The focus of the course is on trying to explain why change arises, at whatever level we are considering. Possible explanations recur in the work of different linguists working in different areas. Many linguists attribute language change to child language acquisition, the process by which each generation has to work out the grammar of its language anew. Others have placed the emphasis on the structure of linguistic systems, arguing that certain types of system (e.g. symmetrical vowel systems or consistent word-order types) are favoured historically over others. Still others look at the role of language use, emphasising, for instance, that inferences and metaphors become entrenched in a language over time, leading to change. Other approaches are specific to particular levels of linguistics. In morphology, we consider the processes by which new morphological elements are created from earlier independent words (morphologisation), and other processes of morphological development (analogy, exaptation, suppletion). In syntax, we look at specific theories of change, such as parametric change and grammaticalisation theory. The course considers a range of such approaches, and you will learn to evaluate the merits of each and the difficulties associated with them.
In addition to trying to explain how new forms of language arise, historical linguistics also deal with how it spreads. This too raises a host of questions that we will discuss and try to answer in this course: How does change spread through a community? Does a sound change spread from word to word or does it affect all words at the same time? Do speakers of a changing language have simultaneous access to two grammatical systems? How does age or social variation between speakers lead to the spread of change? Have languages always shown social and stylistic variation between speakers of the kind that we are familiar with today?
Finally, another general issue that we consider involves linguistic reconstruction: how can we know about languages of the past? This involves not only careful interpretation of the written records of the past, but also methods for reconstructing earlier forms of language, before the advent of written records, on the basis of a language or languages spoken today, and of earlier written records. We consider the methods that historical linguists use to do this, and some of the associated problems.
Mechanisms of syntactic change; Grammaticalisation; Formal approaches to syntactic change; Sociolinguistic and variationist approaches to change; Phonological reconstruction and the Comparative Method; Explanations for sound change; Lexical diffusion; Analogy; Non-analogical processes of morphological change; Syntactic reconstruction; Contact-induced language change; Lexical semantic change; Typological approaches to language change; Interpretation of written records.
Full details available at the course website.
Aitchison, Jean. 1991. Language change: Progress or decay? 2nd edn. Cambridge: Cambridge University Press.

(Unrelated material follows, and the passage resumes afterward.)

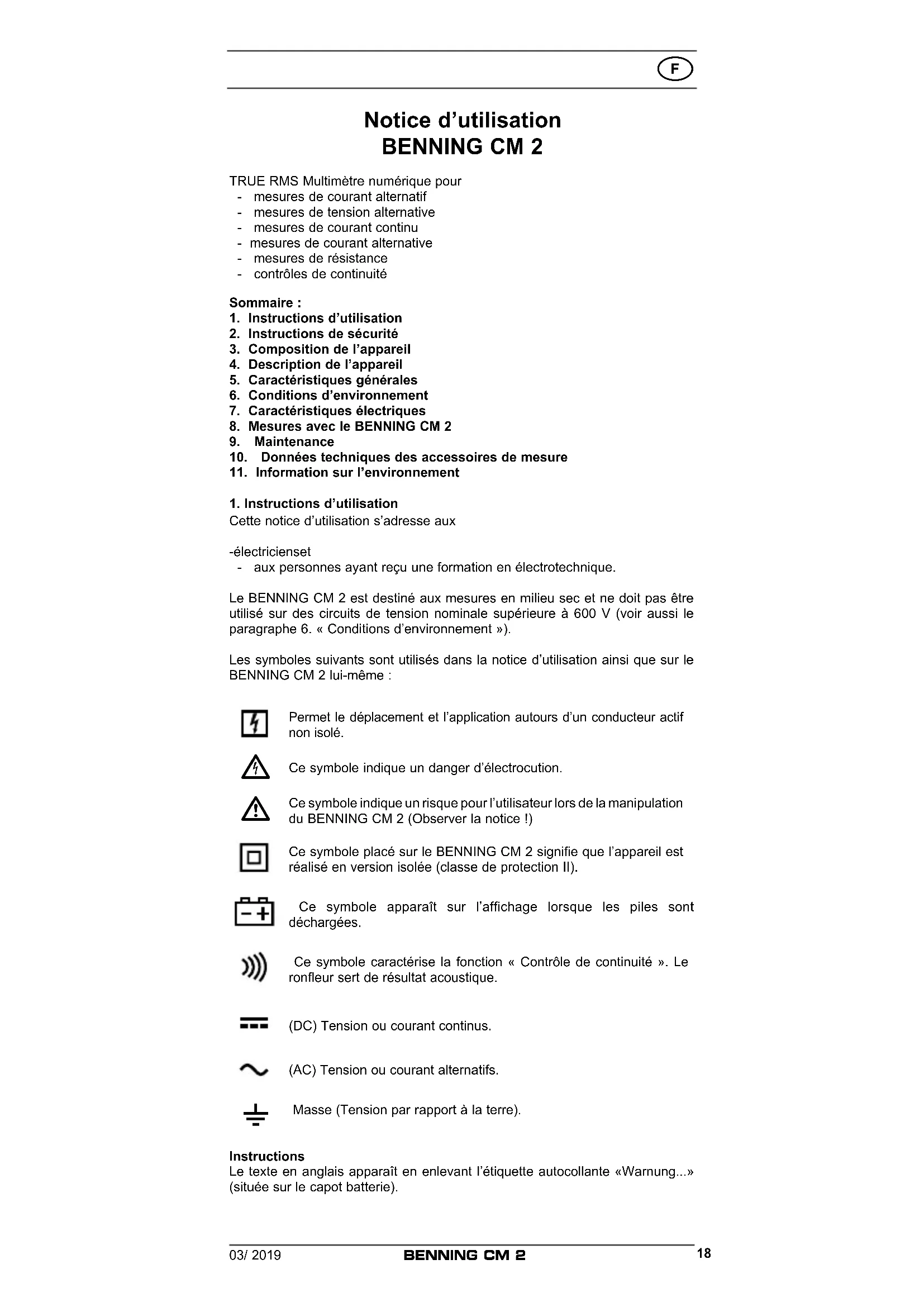 Une fois le produit en fin de vie, veuillez le déposer dans un point de recyclage approprié.03/ 2019 BENNING CM 2

Campbell, Lyle. 1998. Historical linguistics: An introduction. Edinburgh: Edinburgh University Press.
Campbell, Lyle & William J. Poser. 2008. Language classification: History and method. Cambridge: Cambridge University Press.
Roberts, Ian. 2007. Diachronic syntax. Oxford: Oxford University Press.
McMahon, April. 1994. Understanding language change. Cambridge: Cambridge University Press.
Ringe, Don & Joseph F. Eska. 2013. Historical linguistics: Toward a twenty-first century reintegration. Cambridge: Cambridge University Press.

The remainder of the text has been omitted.